The Classics Challenge 2014 – Epilogue

I’ve gone on at great length over the last few posts about a series of classic books I read this past year. The selections were made as part of a challenge my wife asked me to join her in. I gamely said sure.

I thought the challenge would be fun as I often read classic books. My shelves are filled with them. So are several boxes in my basement. I pick them up from tables with signs that say “free books” and from friends giving them away and at used book sales where, on Brown Bag Day, I cram as many as I can into a paper bag and happily leave with dozens of books I plan on sneaking into the house and onto my shelves so my wife doesn’t notice. It’s not like she’s against my reading, as I’ve said, she was the one who urged me to join her on this challenge. But, as a dedicated tosser, she doesn’t see the value in my having boxes of books I’ve never gotten to in the basement while I go out and acquire more. I get the argument in theory. Still, I always believe I’ll read them one day. That’s why I grab them.

So why do I read classics? What is the draw? And why did I read so many crappy classics this year?

In a famous 1986 essay in the New York Review of Books, Italian novelist Italo Calvino wrote about the importance of reading classics. For our purposes, my wife and I defined a classic book as something that’s at least 50 years old. Calvino defines a classic as one that never finishes saying what it has to say. He also writes, interestingly, that many people read classics too early in their lives — as students in high school — and are turned off by the experience. That I get. So he posits that classics are books that people re-read to see what they missed the first time. I get that, too. I’ve opened books I slogged my way through in high school to find, where once was a lot of boring words, a moving story, fantastic writing and insights on the world that are pertinent still today. Calvino goes farther, though: “To read a great book for the first time in one’s maturity is an extraordinary pleasure, different from (though one cannot say greater or lesser than) the pleasure of having read it in one’s youth.”

I would argue that Dickens, Austen, Hemingway and Fitzgerald, to name just a few, didn’t write for children, they wrote for adults, and students are not always equipped to grasp what was meant for more mature minds. Still, it’s important that they be forced to read great works so they can start to realize that the world didn’t begin when they were born. People have lived, loved, fought, yearned, laughed and everything else you’ll find in a book, forever. This ties us to them in the great history of humanity.

As part of a playwriting class I used to teach high schoolers, I asked each student to find a play they enjoyed and introduce it to the class. One student chose Agatha Christie’s “Ten Little Indians” and about halfway through his synopsis, some student yelled out, “Oh, they did this on ‘Family Guy.'” Other students chimed in on other shows that appropriated the famous plot of 10 people trapped on a deserted island being murdered one by one. They knew the parody before they knew the original, and because of that, the original held no allure for them. I believe that is a great loss.

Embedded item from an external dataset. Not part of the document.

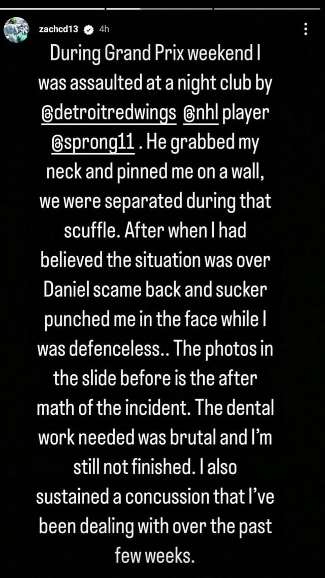 Canadian race car driver Zach Claman DeMelo alleges he was assaulted by Red Wings player Daniel Sprong in an Instagram story post.

Today, writers build on what has come before: The movie “Clueless” was Jane Austen’s “Emma” reset in LA in the 1980s. Authors from Ruth Rendell to those who write books for teens, base their plots on great literature; knowing the basis may lead you to guess the ending, but it also enriches the reading experience. And how many TV shows at this time of year use the plot of “A Christmas Carol” for inspiration? Even the way Harry Potter is treated by the family members who took him in is reminiscent of how Jane Eyre’s aunt and cousin treated her as a child.

Knowing where we were, as written in novels, helps us understand where we are and where we’re headed. That’s what makes knowing and reading the classics so important.

So read them, once in a while, even if it’s out of duty. You probably won’t like them all (just read my posts and see that I didn’t and I usually like reading classics) but you’ll find one book, or a particular author who speaks to you and your experience, and you’ll find yourself stronger for it.

Recent studies have shown that people who read fiction are more empathetic, more willing to look at both sides of an issue and, in general, nicer people. Better understanding of others, yourself and your place in the world is really what reading good literature is all about. So do it.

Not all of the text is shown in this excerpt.